GA Tabun AChE inhibitor 162   1 639
GF GF AChE inhibitor 180   1 721
Lower volatility VX VX AChE inhibitor 267 100 000

τ, evaporation time constant (the time for approximately 63% of the current amount of material to leave the surface). MW, molecular weight.

High‐volatility agents

This includes the respiratory irritants (e.g. chlorine, phosgene, methyl isocyanate), the asphyxiants (e.g. hydrogen cyanide) and the high‐volatility group of AChE inhibitors (most ‘G‐series’ nerve agents, e.g. soman and tabun). High‐volatility agents pose an inhalational risk for anyone at the chemical release site, or in the path of the chemical plume prior to its dispersal. This is due to their rapid evaporation if still in the liquid form. Patients arriving from a distant site do not pose any extra health risk to staff.

Low‐volatility agents

This includes the vesicants (e.g. sulphur mustard), and most AChE inhibitors (e.g. organophosphate insecticides and the V‐series of nerve agents). Low‐volatility agents are oily liquids, designed to stay on weeds, vegetation, or the skin and clothing of enemy military personnel, for hours or days. They evaporate slowly.

They do not pose a significant inhalational threat; although the highly volatile hydrocarbon solvents they might be dissolved in (e.g. toluene, xylene) can cause non‐specific symptoms via inhalation. Current evidence suggests that the Australasian College for Emergency Medicine‐recommended precautions when managing organophosphate poisonings 16 are appropriate for any low‐volatility CWA. These recommendations include good ventilation and regular rotation of staff, universal precautions (gloves, gowns and eye protection), early external decontamination (preferably self‐decontamination) and the immediate and thorough washing of affected areas if staff contact contaminated material.
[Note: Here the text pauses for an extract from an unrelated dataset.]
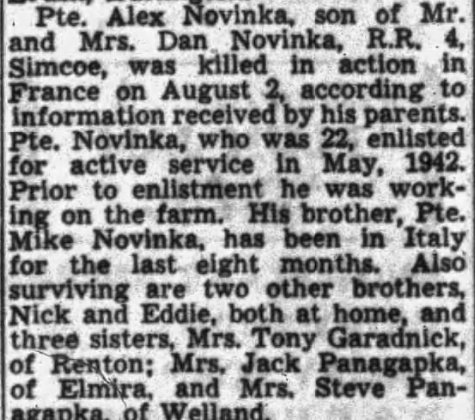 Son of Dan and Kathleen Novinka, of Simcoe, Ontario.

Sarin the ‘medium’ volatility agent

The theoretical exception to the above principles will be an agent such as sarin. Sarin has an evaporation rate similar to water. It has been modelled as the potential worst‐case scenario agent for hospital staff not at the scene of a CBR release. 17 Other high‐volatility nerve agents will have dispersed prior to arrival at a hospital, whereas with lower‐volatility agents, the risk can be controlled through barrier methods, as long as these agents are not aerosolized during patient care.

In the 1995 Tokyo sarin subway attacks, initial reports from the metropolitan fire agency were of ‘a gas explosion in the Tokyo subway’. 18 ED staff prepared to receive patients with ‘burns, inhalation injuries, and carbon monoxide poisoning’. 19 The incident was then initially managed with no decontamination, and no special PPE at both the hospitals that recorded their experiences.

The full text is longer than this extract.